Task description
Among the lines below, copy exactly those from the one with "This is two" through the one with "Смазать первый корж", counting both ends.

Record set
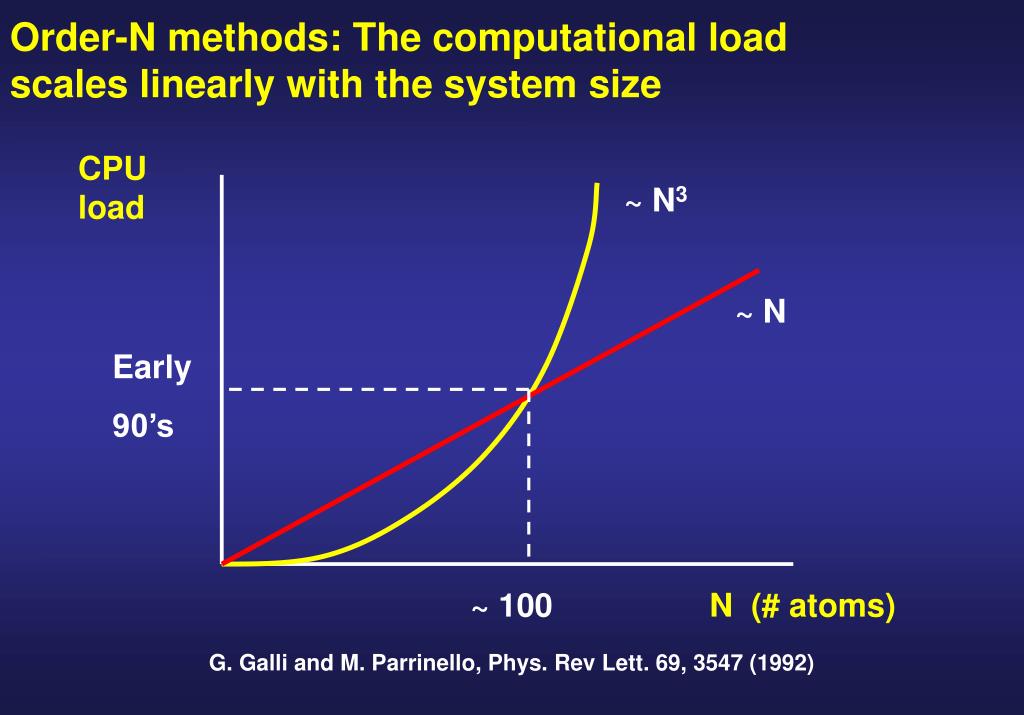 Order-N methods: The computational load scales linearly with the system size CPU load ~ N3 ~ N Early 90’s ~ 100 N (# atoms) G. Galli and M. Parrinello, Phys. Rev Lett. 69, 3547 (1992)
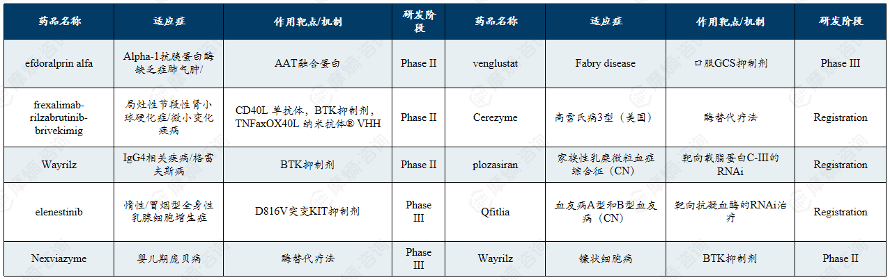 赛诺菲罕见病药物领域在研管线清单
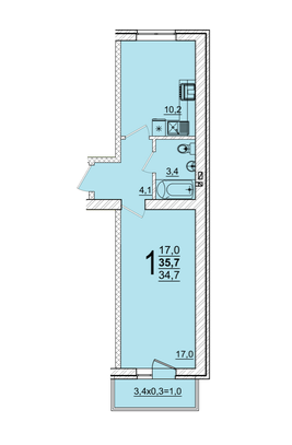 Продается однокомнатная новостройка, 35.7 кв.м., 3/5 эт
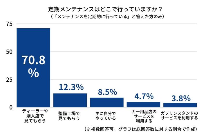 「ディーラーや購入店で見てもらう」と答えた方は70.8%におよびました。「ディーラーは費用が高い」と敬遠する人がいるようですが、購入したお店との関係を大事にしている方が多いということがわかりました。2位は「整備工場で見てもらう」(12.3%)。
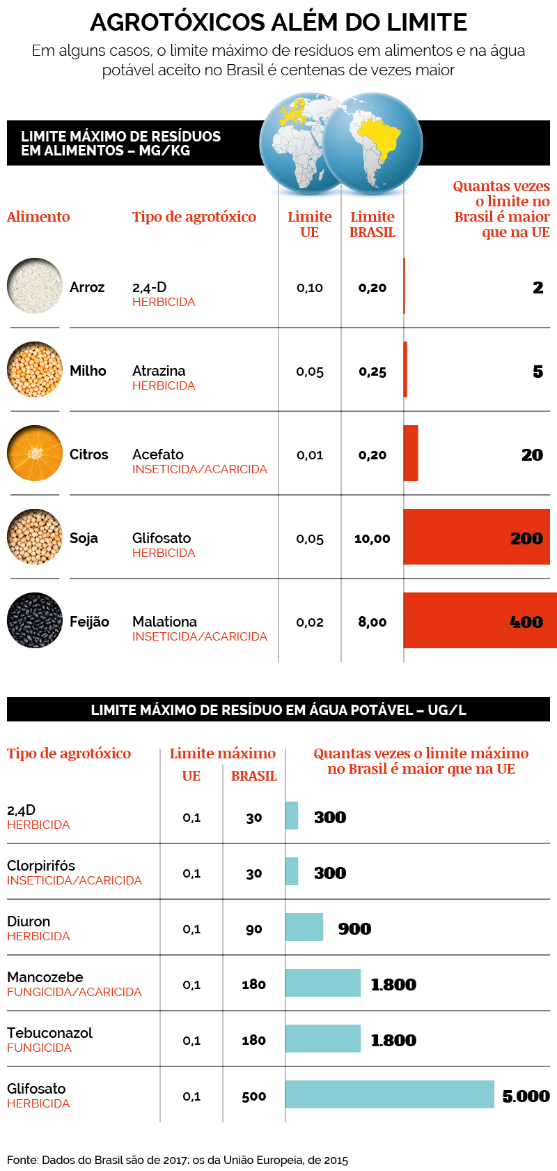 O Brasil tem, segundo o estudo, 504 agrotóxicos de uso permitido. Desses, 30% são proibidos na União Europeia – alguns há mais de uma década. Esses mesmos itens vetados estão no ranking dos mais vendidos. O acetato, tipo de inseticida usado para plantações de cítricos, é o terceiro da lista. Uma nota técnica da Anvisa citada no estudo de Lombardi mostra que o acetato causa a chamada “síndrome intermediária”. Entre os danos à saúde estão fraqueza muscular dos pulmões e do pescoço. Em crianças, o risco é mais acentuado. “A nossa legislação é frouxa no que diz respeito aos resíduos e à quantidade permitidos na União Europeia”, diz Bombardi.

--

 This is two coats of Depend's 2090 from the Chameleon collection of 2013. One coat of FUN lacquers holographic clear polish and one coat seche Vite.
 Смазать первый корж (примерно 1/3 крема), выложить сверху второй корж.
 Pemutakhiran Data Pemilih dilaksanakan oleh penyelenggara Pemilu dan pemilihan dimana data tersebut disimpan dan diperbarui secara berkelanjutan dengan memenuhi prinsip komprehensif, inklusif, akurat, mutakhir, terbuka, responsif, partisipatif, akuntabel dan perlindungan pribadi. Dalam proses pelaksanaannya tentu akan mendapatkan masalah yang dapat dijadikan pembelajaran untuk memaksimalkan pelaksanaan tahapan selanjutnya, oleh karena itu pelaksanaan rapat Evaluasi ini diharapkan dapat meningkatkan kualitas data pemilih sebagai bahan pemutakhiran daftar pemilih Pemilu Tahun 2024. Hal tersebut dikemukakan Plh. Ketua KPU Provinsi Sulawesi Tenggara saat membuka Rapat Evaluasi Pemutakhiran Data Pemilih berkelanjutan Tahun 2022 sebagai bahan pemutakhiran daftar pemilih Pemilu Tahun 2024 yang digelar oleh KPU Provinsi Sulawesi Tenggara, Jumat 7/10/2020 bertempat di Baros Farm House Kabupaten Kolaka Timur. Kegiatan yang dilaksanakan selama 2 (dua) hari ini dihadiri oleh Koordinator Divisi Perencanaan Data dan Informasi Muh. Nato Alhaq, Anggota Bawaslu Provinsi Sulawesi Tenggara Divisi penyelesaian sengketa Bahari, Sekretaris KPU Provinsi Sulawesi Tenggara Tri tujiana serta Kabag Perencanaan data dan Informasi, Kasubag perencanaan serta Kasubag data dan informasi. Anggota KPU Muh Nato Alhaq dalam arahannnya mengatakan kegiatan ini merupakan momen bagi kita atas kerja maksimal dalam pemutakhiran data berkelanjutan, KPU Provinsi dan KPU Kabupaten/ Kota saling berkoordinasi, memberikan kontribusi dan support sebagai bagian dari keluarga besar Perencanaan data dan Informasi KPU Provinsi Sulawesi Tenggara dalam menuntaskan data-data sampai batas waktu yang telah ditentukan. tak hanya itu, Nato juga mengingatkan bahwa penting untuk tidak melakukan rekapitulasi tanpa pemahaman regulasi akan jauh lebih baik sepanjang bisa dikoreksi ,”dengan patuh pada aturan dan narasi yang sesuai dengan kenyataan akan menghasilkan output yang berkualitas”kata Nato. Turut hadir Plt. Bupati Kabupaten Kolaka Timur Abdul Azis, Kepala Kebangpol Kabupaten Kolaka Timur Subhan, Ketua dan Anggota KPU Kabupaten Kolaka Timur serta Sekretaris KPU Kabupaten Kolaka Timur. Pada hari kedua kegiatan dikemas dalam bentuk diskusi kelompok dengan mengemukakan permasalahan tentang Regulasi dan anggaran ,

Solution to the exercise
 This is two coats of Depend's 2090 from the Chameleon collection of 2013. One coat of FUN lacquers holographic clear polish and one coat seche Vite.
 Смазать первый корж (примерно 1/3 крема), выложить сверху второй корж.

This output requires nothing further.